Verhoeven’s Turkish Delight: A Real Treat

Verhoeven’s Turkish Delight: A Real Treat December 10, 2024

Paul Verhoeven with Monique van de Ven at the premiere of Turkish Delight.
Source: Wikimedia
Public Domain

Our Horace? Paul Verhoeven, or so stands his reputation. His Hollywood run from Robocop (1987) to Starship Troopers (1997) has made him the darling of a couple generations of American Letterboxd enthusiasts. And rightly so! Few have dissected the American body politic with such precision. And certainly none has ever done so sporting such a wry smirk.

Over the years, I’ve taken in a number of Verhoeven’s films, and I’ve loved every last one. It was only last week, however, that I had the pleasure of encountering Turkish Delight (1973), one of his early Dutch-language comedies. It delighted me more than I ever could have expected and deconstructs the tried (though not tired) romantic-comedic formula as it does so.

Turkish Delight follows Eric Vonk (Rutger Hauer) as a sculptor and local Amsterdam lothario who seems equal parts committed to bedding women and hating them. We watch as he has violent dreams about murdering a couple, only for him to wake up and immediately begin pleasuring himself as he murmurs about scatological sex acts. We are indeed in Verhoeven territory.

The film rewinds two years to a happier time: Eric meets Olga Stapels (Monique van de Ven) on the roadside. He’s hitchhiking. The two get down to it in comically 70s fashion, having sex in the car quicker than most people today can initiate small talk. Unsurprisingly, their distracted driving leads to an accident. In great contrast to the man we saw in the movie’s opening, Eric takes care of her and soon the two begin dating despite her small-business-owning family’s protest. He is poor; he is an artist; he is a sex pest. But they are soon hitched at the courthouse surrounded by the prematurely pregnant (a very funny scene all its own). Domestic bliss seems to have won over even her stodgy mom. The rest concerns their descent into disagreement and their relationship’s implosion.

I cannot stress strongly enough how important sex is to them; it’s a constant.
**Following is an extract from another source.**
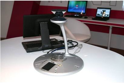 在耐心聽完介紹后,禁不住誘惑,我便親自做了現(xiàn)場體驗,原來這套系統(tǒng)所使用的360o攝像頭不同于一般的攝像頭,它集4個攝像頭以及USB設(shè)備為一體,不改變位置就能輕松實現(xiàn)360度全景覆蓋,讓所有人真正面對面交流。而投影儀的界面設(shè)定更是人性化,界面分上下兩部份,上半部分顯示的是PPT內(nèi)容和發(fā)言者,下半部分顯示的是與會人員。而它的智能語音識別系統(tǒng)更是讓人叫絕,投影儀上的發(fā)言區(qū)頭像根據(jù)發(fā)言者的聲音自動更換,而不受人聲以外的任何聲音的干擾。系統(tǒng)并附帶情景解說詞,系統(tǒng)會自動介紹與會人員所在地。在投放PPT界面旁邊有個信息欄,在上面能夠看到負(fù)責(zé)人的在線信息,并且可以選擇最合適的方式進(jìn)行溝通,不但可以發(fā)即時消息和傳輸文件,還可以進(jìn)行語音通話,甚至可以直接用語音連接辦公室電話,只要有網(wǎng)絡(luò),隨便哪里都可以接得到辦公室電話。

It saturates his work, for which Olga models and much of which shows her in the nude. Sex in this film is a primal relationship. Verhoeven shows us what earlier romantic comedies only dared suggest.

But this cannot last. Against Olga’s wishes, he sells a sketch of her made in an intimate moment. Eric makes the decision (we suspect, though Verhoeven does not show us) because he isn’t doing well economically. The raucous joy of their domestic world cannot compete with the iron laws of the market. The mode of production claims yet another victim.

What Verhoeven gets at throughout the film is the absurdity of life, its joys and sadnesses, its inescapable realities and the freedom we find and lose in negotiating our existences and those of our loved ones. Unlike the traditional screwball romantic comedy, the film lacks any sense that bizarreness or otherness successfully intrude into the everyday—indeed, the everyday disciplines and destroys whatever small Eden these two try to build. Rather he suggests that life is what it is: a collection of thises-and-thats that builds us up and destroy us.

Is there any salvation here? No. I wouldn’t call Verhoeven a Christian or even a hedonist. There is no escape. We viewers, however, get the beauty of the film itself, which, like their Eric and Olga’s relationship, provides an escape that, if only temporary, still satisfies.